We start by fitting models with increasing complexity with the function glmer()
fit1 <- glmer(formula = y ~ (1|sire),
data = sim_twin, family = "binomial")
fit2 <- glmer(formula = y ~ lact + (1|sire),
data = sim_twin, family = "binomial")
fit3 <- glmer(formula = y ~ lact + (1|sire) + (1|herd),
data = sim_twin, family = "binomial")
fit4 <- glmer(formula = y ~ lact + (1|sire) + (lact|herd),
data = sim_twin, family = "binomial")
fit5 <- glmer(formula = y ~ lact + (lact|sire) + (1|herd),
data = sim_twin, family = "binomial")
fit6 <- glmer(formula = y ~ lact + (lact|sire),
data = sim_twin, family = "binomial")
anova(fit1, fit2, fit3, fit4, fit5, fit6)Data: sim_twin
Models:
fit1: y ~ (1 | sire)
fit2: y ~ lact + (1 | sire)
fit3: y ~ lact + (1 | sire) + (1 | herd)
fit6: y ~ lact + (lact | sire)
fit4: y ~ lact + (1 | sire) + (lact | herd)
fit5: y ~ lact + (lact | sire) + (1 | herd)
npar AIC BIC logLik deviance Chisq Df Pr(>Chisq)

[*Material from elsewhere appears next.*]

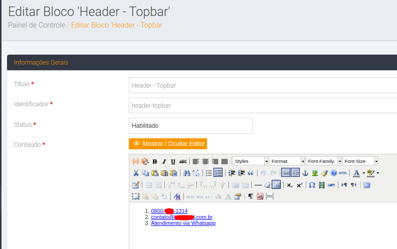 Note que abrindo este bloco será exibido o conteúdo deste bloco o qual você pode alterar ou editar o seu conteúdo ou inserir links
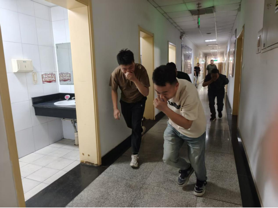 16点51分,应急小分队身穿消防服,背着呼吸器,手提灭火器、水带,直奔实验动物中心楼一层会议室楼救火。楼内学生陆续疏散出来,聚集在广场,疏散引导组组织楼内师生沿安全通道有序撤离。

fit1 2 5918.2 5932.2 -2957.1 5914.2
fit2 3 5580.6 5601.7 -2787.3 5574.6 339.61 1 <2e-16 ***
fit3 4 5582.6 5610.7 -2787.3 5574.6 0.00 1 1
fit6 5 5010.1 5045.2 -2500.0 5000.1 574.49 1 <2e-16 ***
fit4 6 5486.2 5528.4 -2737.1 5474.2 0.00 1 1
fit5 6 5012.1 5054.3 -2500.0 5000.1 474.13 0 <2e-16 ***
---
Signif. codes: 0 '***' 0.001 '**' 0.01 '*' 0.05 '.' 0.1 ' ' 1Model 5 and 6 are very close according to AIC.
anova(fit6, fit5)Data: sim_twin
Models:
fit6: y ~ lact + (lact | sire)
fit5: y ~ lact + (lact | sire) + (1 | herd)
npar AIC BIC logLik deviance Chisq Df Pr(>Chisq)
fit6 5 5010.1 5045.2 -2500 5000.1
fit5 6 5012.1 5054.3 -2500 5000.1 0 1 1The additional parameters of model 5 do not have a significant effect, which is why we prefer the simpler model. Fitting this model with cowfit_glmer() already takes some seconds but is still possible without prespecified variance components.
system.time(fit7 <- cowfit_glmer(formula = y ~ lact + (lact|sire)
, data = sim_twin, family = "binomial"
, pedigree = list(sire = pedSires)
, cowfit_verbose = FALSE)) user system elapsed
64.403 0.048 64.509 Our goal is to exclude all sires which inherit a breeding value associated with probability > 0.5 for twins at third lactation.
re <- ranef(fit7)
bv <- re$sire
bv$sire <- rownames(bv)
betas <- fixef(fit7)
bv$lin_pred <- betas[1] + betas[2]*3 + bv$`(Intercept)` + bv$lact*3
bv$p <- inv_logit(bv$lin_pred)
bv$sire[which(bv$p > 0.5)] [1] "2" "4" "320" "323" "324" "325" "334" "336" "338" "339" "342" "345"
[13] "348" "349"Note that we have to calculate the linear predictor manually. Using predict() will be wrong because it does use the random effects on a transformed scale.